Funding: The cryobank was established in 1977 and is maintained by the Kenya Government. Between 2005 and 2006, KARI-TRC received equipment from WHO/TDR as part of upgrading of the bank to be able to collect, preserve, and store more isolates from trypanosomiasis endemic countries. The funders had no role in study design, data collection and analysis, decision to publish, or preparation of the manuscript
Competing interests: The authours declare that no competing interest exist.
Introduction
Human African trypanosomiasis (HAT) is classified in the category of the most neglected tropical diseases. In man, the disease is caused by two tsetse (Glossina spp.)-transmitted trypanosome subspecies: Trypanosoma brucei gambiense, which is responsible for the chronic form of HAT in West and Central Africa, and T. b. rhodesiense, which causes acute disease in eastern and southern Africa. African animal trypanosomiasis (AAT) is caused by various trypanosome species, the major ones being T. vivax, T. congolense, and T. evansi [1]. Current diagnostic tools are inadequate and diagnosis is complicated, whereas the drugs for treatment are highly toxic and not very effective; patients die if untreated [2]. In 2005, an annual prevalence of 50,000–70,000 cases per year and incidence rates of 15,000–17,000 cases per year were reported [3]. Although recent data from the World Health Organization (WHO) shows that the number of reported cases of HAT declined to less than 10,000 in 2009, leading to speculation that the disease could be eliminated [4], [5], there is great need to maintain vigilance.
The East African Trypanosomiasis Research Organization (EATRO) was established to carry out research and develop technologies for effective control of trypanosomiasis.
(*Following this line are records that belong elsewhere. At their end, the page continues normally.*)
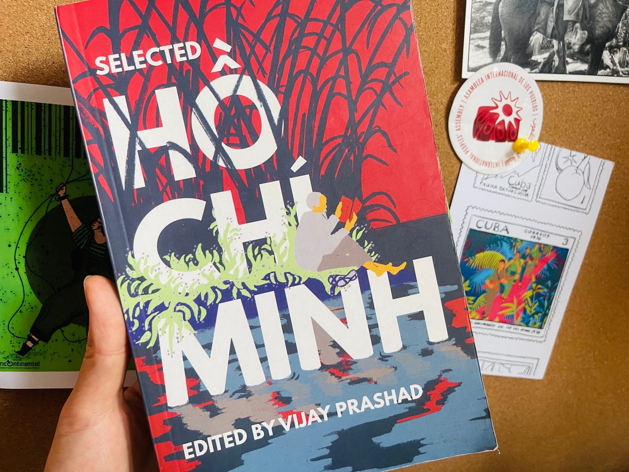 Selected Hồ Chí Minh, edited by Vijay Prashad, LeftWord Books, 2022, with digital collage based on René Mederos painting of Vietnamese guerilla fighters (2018) in the background (photo Tings Chak/Hyperallergic)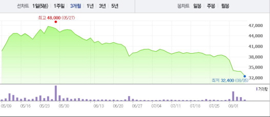 이는 일주일 전 주가인 7월28일(3만8500원)과 비교했을 때 15.58% 떨어진 수치다.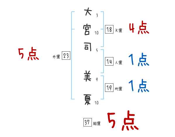 総運![]() | 大宮司美夏さんの総運は37画の5つ星!努力家で順応性に優れる。現実的な考え方ができ忠実に物事をこなす。 あなたの人生を表す1番重要な運勢です。生涯を通じて影響する総合運となり、主に50歳以降の晩年期に影響を及ぼします。 |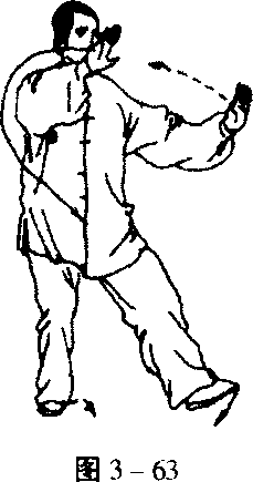 2. 图 3-64图 3-64右腿屈膝提起,身体右转,右脚向右前方迈步,先以 脚跟着地,然后全脚踏实,右腿屈膝前弓,左腿伸直,成右弓 步;同时两掌右上左下弧形分举,右臂伸直,掌心向上,掌指 向右前上方;左掌置于左胯外侧,掌心向下,掌指向前,臂微 屈;眼看右前方(图3-65?67)。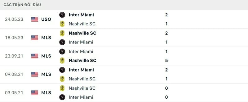 Thành tích đối đầu Nashville vs Inter Miami
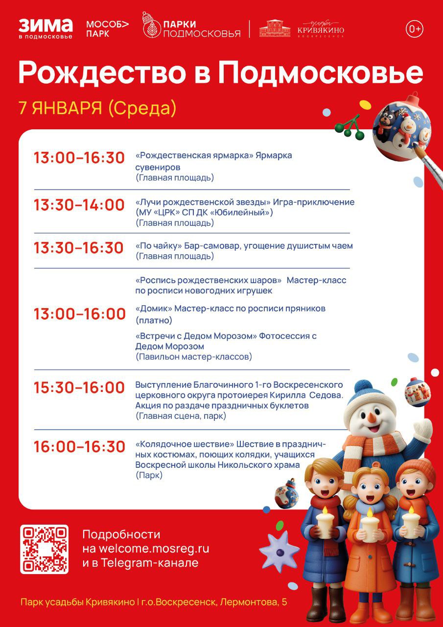 Завтра, 7 января, парки усадьбы Кривякино и «Москворецкий» приглашают жителей и гостей Воскресенска на семейный праздник «Рождество в Подмосковье»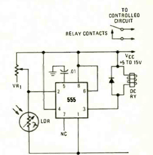 Este circuito se encontró en la revista Radio Electronics de septiembre de 1976. El circuito se activa mediante un haz de luz. El ajuste de sensibilidad se realiza en VR1.
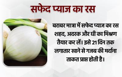बराबर मात्रा में सफेद प्याज का रस शहद, अदरक और घी का मिश्रण तैयार कर लें। इसे 21 दिन तक लगातार खाने से गजब की मर्दाना ताकत प्राप्त होती है।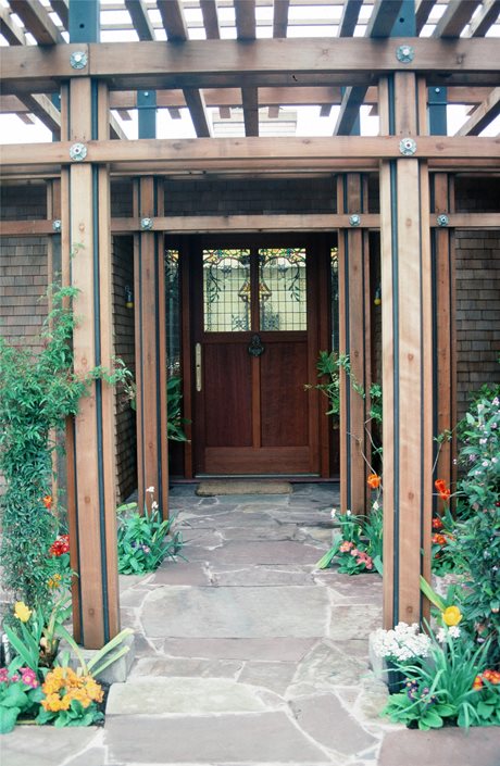 - Ideas for "softening" the edges of paved patios and walkways by avoiding straight lines, emphasizing free-form and organic shapes, and using ground covers to disguise the edges.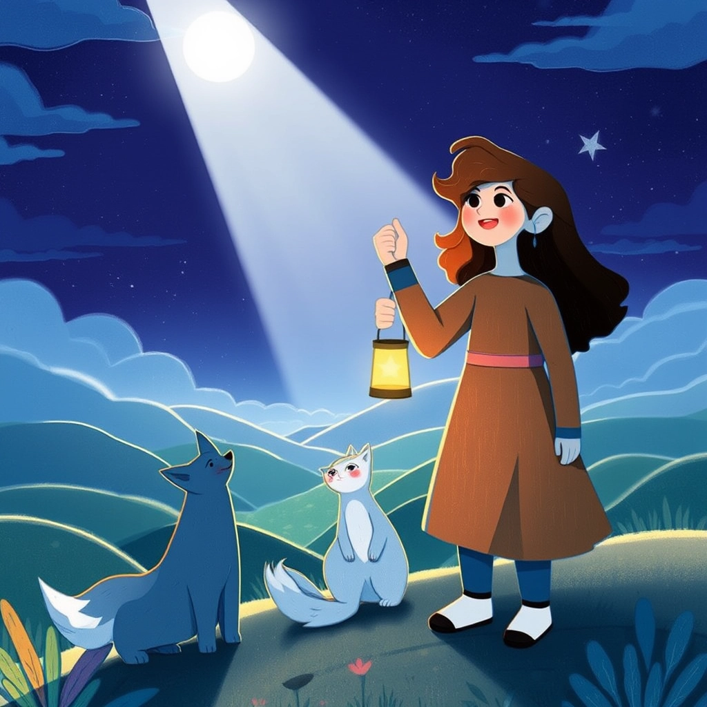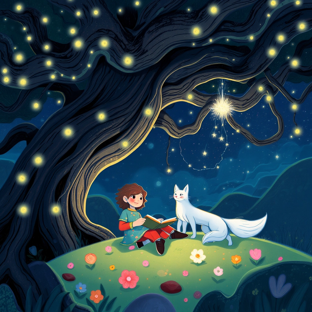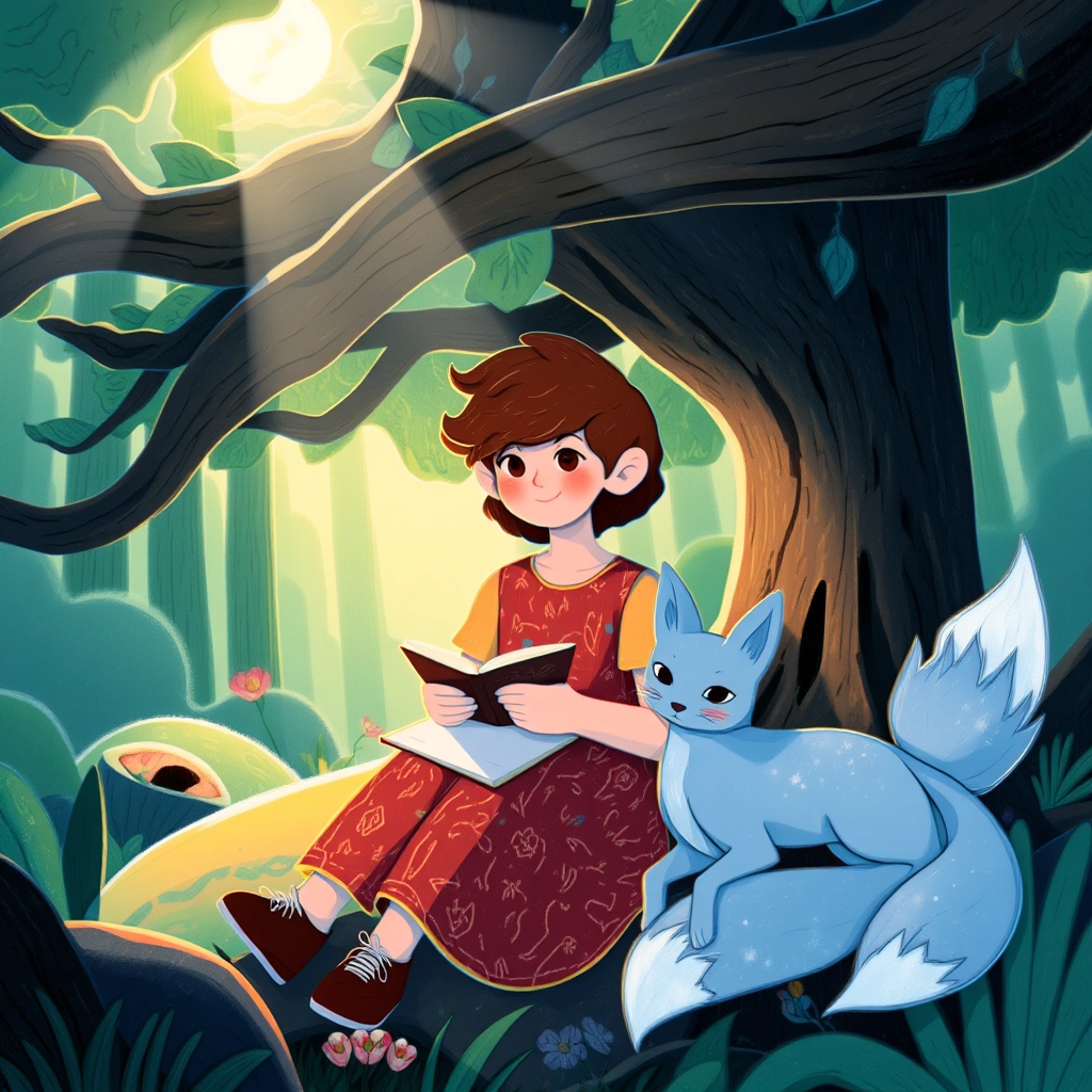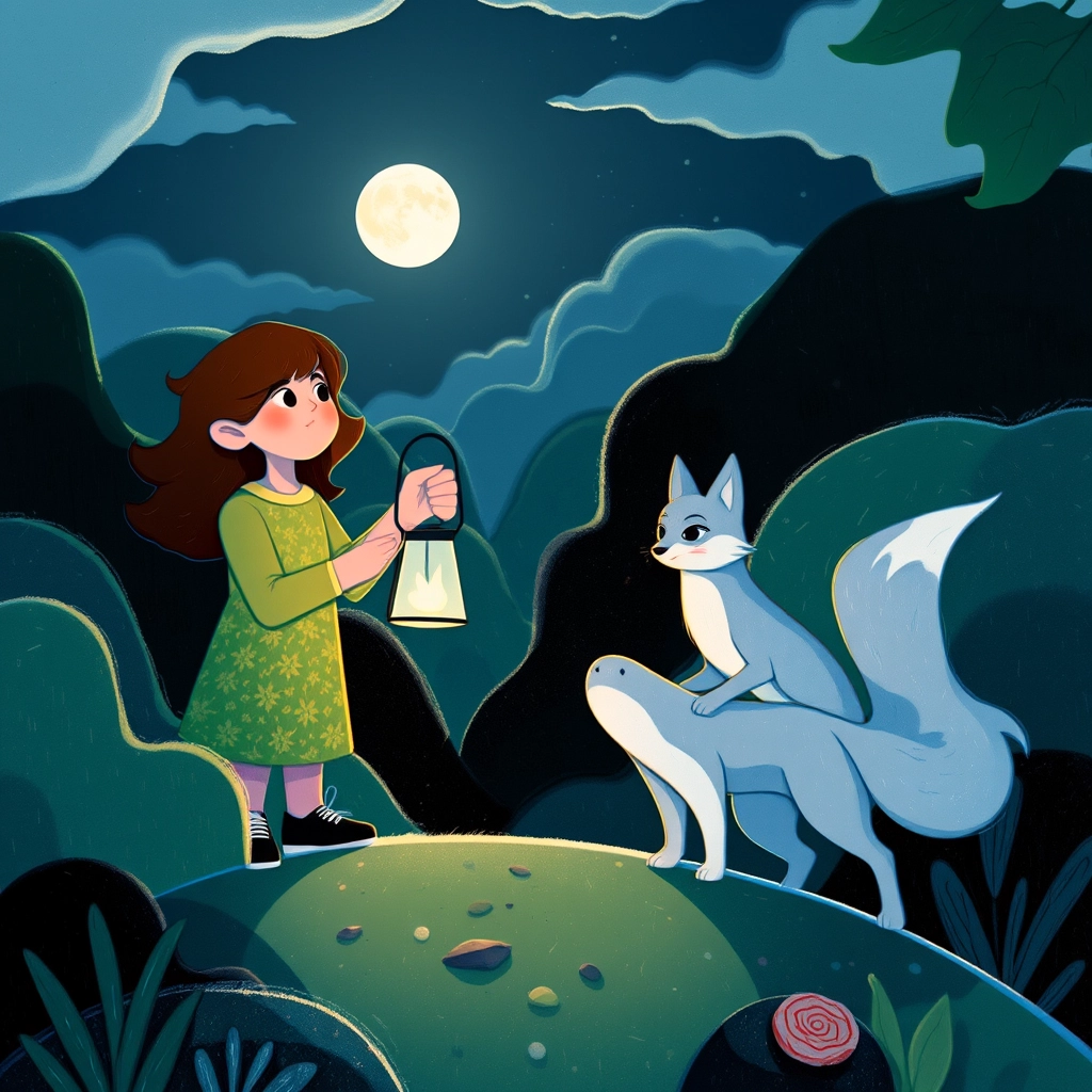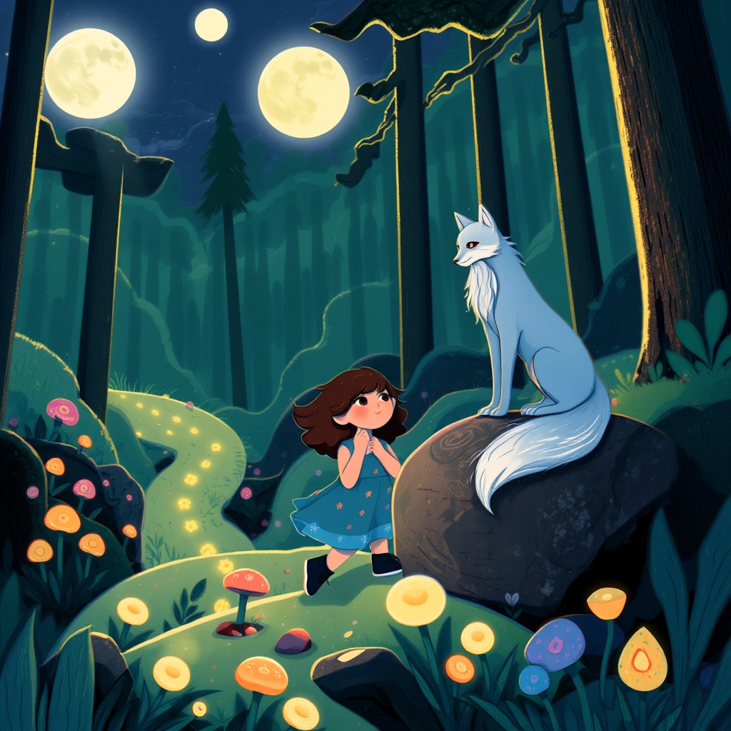 One magical evening, [Maple](72VS5FKF) met [Lumos](BBV9G2F5)—a fox unlike any other. His silvery fur shimmered in the moonlight, and his eyes sparkled like starlight. To [Maple](72VS5FKF)’s astonishment, he spoke! That night, they became the best of friends.

In view of this, a trypanosome cryobank was established in Tororo, Uganda, in the mid-1950s to provide materials for research. At that time, dry ice was used as a refrigerant, but in 1977 it was replaced with liquid nitrogen. Following the collapse of the East African Community in 1977, the Kenya Trypanosomiasis Research Institute (KETRI) was established to take over the functions of tsetse and trypanosomiasis research in Kenya. The cryobank was therefore transferred to KETRI during this period. In 2003, following a reorganization of research institutions by the Government of Kenya, KETRI was merged with the Kenya Agricultural Research Institute (KARI) and renamed the Trypanosomiasis Research Centre (KARI-TRC). KARI-TRC continued with all the research programmes and activities that were being carried out under KETRI, including collection and preservation of trypanosome stabilates. The institution developed a policy on stabilate collection by scientists and clinicians for cryopreservation. We describe the establishment of the cryobank and procedures used in cryopreservation of stabilates and summarize the data (numbers and types) on trypanosome species stored in the cryobank, which are available for use in research by the scientific community.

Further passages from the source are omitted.